A number of studies were devised to investigate the willingness of job applicants to fake cultural fit on these two dimensions. The initial studies involved participants applying to an imaginary firm online. The participants were divided into three groups. Each group completed an online personality test, which participants were told was to be used to identify candidates for interview. Prior to taking the test the participants in two groups were culturally primed, with one group receiving an email from an “employee” of the firm suggesting that the culture of the organization was very competitive, and the other group getting an email indicating a non-competitive culture. The third group did not receive an email. Two weeks later, for the second part of the study, participants were asked to complete the same online personality test, but with the instruction to respond as honestly as possible. The same exercise was conducted for the innovation dimension.

The authors could then assess the differences between the ‘primed’ and the ‘honest’ responses, and compare those with the non-email control group. The results showed that the applicants behaved like corporate chameleons, adapting their behavior to the immediate circumstances in order to improve their odds of hiring success. They did so by skewing their personality questionnaire responses to create the impression that they possessed certain personality traits – more or less competitive or innovative than they actually were – depending on the perceived organizational culture of the employer.

Further studies confirmed the link between the participants’ perception of an organization’s culture and the participants’ responses.

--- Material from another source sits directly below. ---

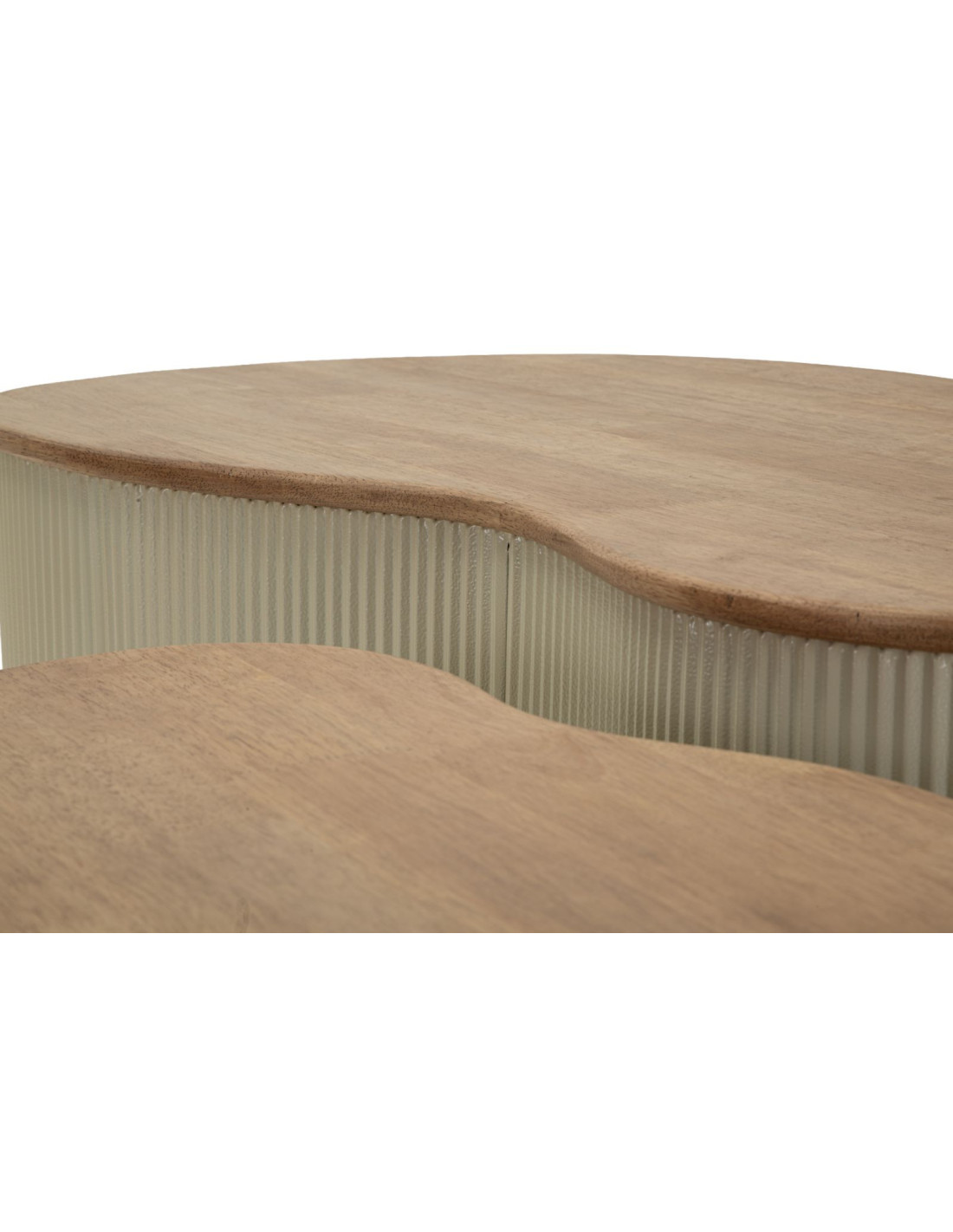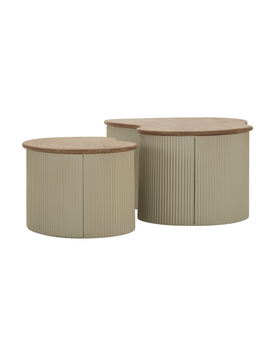 Lot de 2 Tables basses design Organique Bois d'hévéa Naturel Métal Blanc Frankfurt

They also demonstrated that participants will still adapt their test answers, although to a lesser extent, even when able to choose the organization they are applying to (and therefore theoretically more likely to select an organization that is naturally a good cultural fit). The findings were also replicated using real job applicants and regardless of job type or level.

The impact of faking

Although the tendency to fake was well established by the studies, it is less clear what effect the faking phenomenon has on the performance of an organization. The authors suggest that both positive and negative consequences are plausible.

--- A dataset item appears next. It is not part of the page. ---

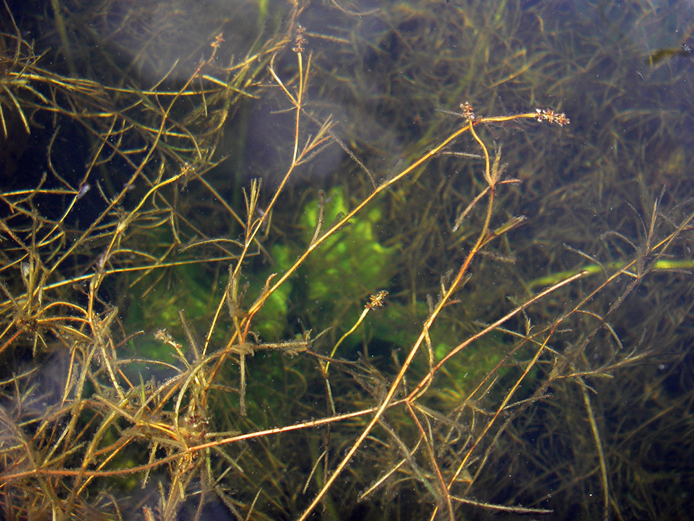 Morfoloģija un bioloģija. Daudzgadīgs 30–50 (100) cm garš ūdensaugs. Augi bez sakneņa vai saknenis tievs, īss. Stublājs tievs, nezarots vai ar nedaudziem sānzariem, šķērsgriezumā viegli saplacināts. Augs tikai ar zemūdens lapām. Lapas nedaudz stīvas, puscaurspīdīgas, spilgti zaļas, galvenokārt lapu apakšpusē bieži ar iesārti brūnu nokrāsu, sēdošas, šauri lineāras, 3–7 cm garas, 0,6–1,5 mm platas, gals pakāpeniski gari nosmailots, mala gluda, pamats šauri ķīlveidīgs. Lapas ar 3 (5) dzīslām, vidējā viegli izcilnēta. Pie lapas pamata bez dziedzerkārpiņām. Pielapes 1–2,5 cm garas, cietas, pie pamata saaugušas, ar nosmailotiem galiem, sākumā zaļganas, vēlāk gandrīz baltas. Ziedkopas kāts 1,5–2,5 (3) cm garš. Vārpiņā līdz sešiem ziediem. Auglis riekstiņš, 1,5–2,5 mm garš, spīdīgs, gluds, sārti brūns, muguras ķīlis neizteikts, knābītis taisns. Zied jūlijā un augustā (Gavrilova 2011). Paaudzes ilgums ir desmit gadi (Solstad et al. 2021).

It is possible that an applicant’s ability to infer the characteristics and qualities valued by a specific organization indicates skills and abilities in an applicant that may translate into higher work performance.

However, on the downside, research has shown that a high cultural fit between employee and employer is positively associated with a number of desirable employee work attitudes and behaviors. If applicants are faking their person–organization fit it is very possible that these benefits may not be obtained by organizations. Indeed, a lack of genuine cultural fit may cause problems, such as lower job satisfaction and commitment, and higher employee turnover, negatively impacting both applicants and organisation in the long run. Also it is possible to imagine situations, where person–organization fit is particularly critical for job performance, so much so that faking cultural fit could prove a significant problem for organizations.

The authors also note that existing methods to identify or deter fakery may not be that effective when dealing with job applicants that skew their responses to maximise cultural fit. It is not really possible to fact-check the personality of all applicants and reveal the corporate chameleons behind the camouflage. In conjunction with specialist assessment psychologists, perhaps assessment processes could be devised that disguise the intention of the exercise and reduce the likelihood of faking to fit. Or alternative methods found for assessing applicant suitability alongside personality assessment. At the very least, though, the research by Roulin and Krings highlights an issue that hirers need to be aware of and account for during the recruitment process.

Related research paper: Roulin, N., & Krings, F. (2019). Faking to fit in: Applicants’ response strategies to match organizational culture. Journal of Applied Psychology. Advance online publication.